Marcin Krol wrote:
Matus UHLAR - fantomas wrote:
- blocking at MTA by RBL or other techniques (such as graylisting)
is efficient and effective, but deprives SpamAssassin of spam samples,
so if your resources permit, it is better to let SpamAssassin deal
with all RBLs.
I don't think so. We get "enough" of spam even if using many RBLs at SMTP
level.
Plus note that characteristics of spam that got through RBL "sieve"
*might* be different than characteristics of the spam that didn't.

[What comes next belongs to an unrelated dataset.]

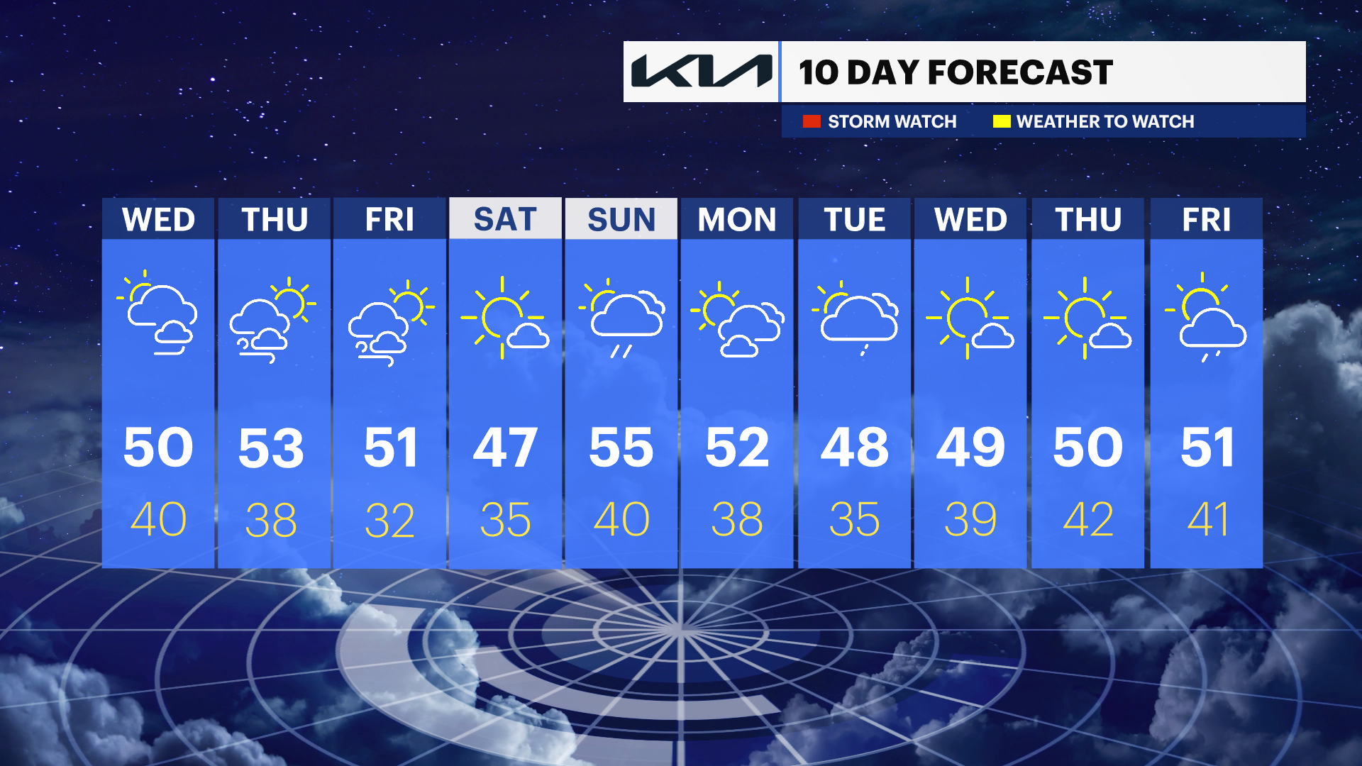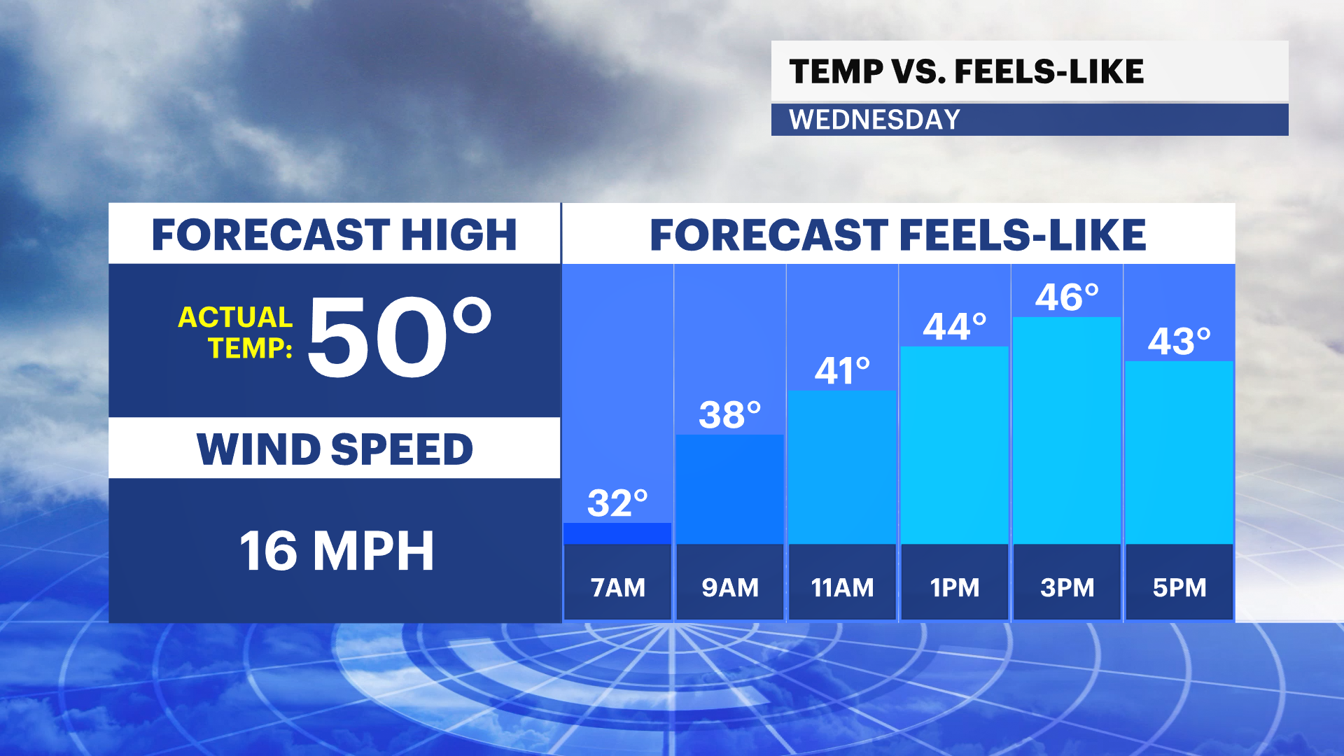 WEDNESDAY: Mainly cloudy with a few hints of sun possible. A stray shower cannot be ruled out mostly in the form of rain. It will not feel as cold as Tuesday, but still chilly. Highs around 50 degrees will feel like the 40s with a west-southwest wind around 10 to 20 mph with some gusts near 30 mph still. Lows near 40 degrees.

If so - I have not done any tests, so I have no idea really - then Bayes
would be at least partially mistrained.
Having said that, I do have exceptions to my sender-verify and RBL rules
for spam traps. :-) Now, getting something useful done with that stuff
is another story.
Genuine spam traps are great for bayes training as they should contain a
representative sample of spam your users will be seeing plus you know
they only contain spam so you don't need to check the contents before
feeding them to bayes to learn :)
I do the same - whitelist a few *good* spamtraps through all my
different levels of filtering specifically to feed bayes. I also use
these for statistical analysis to see which types of mail SA scores
poorly on and then target custom rules towards those spam to help bump
the scores.
I'm sure there's other useful stuff you can do with spamtrap mails too.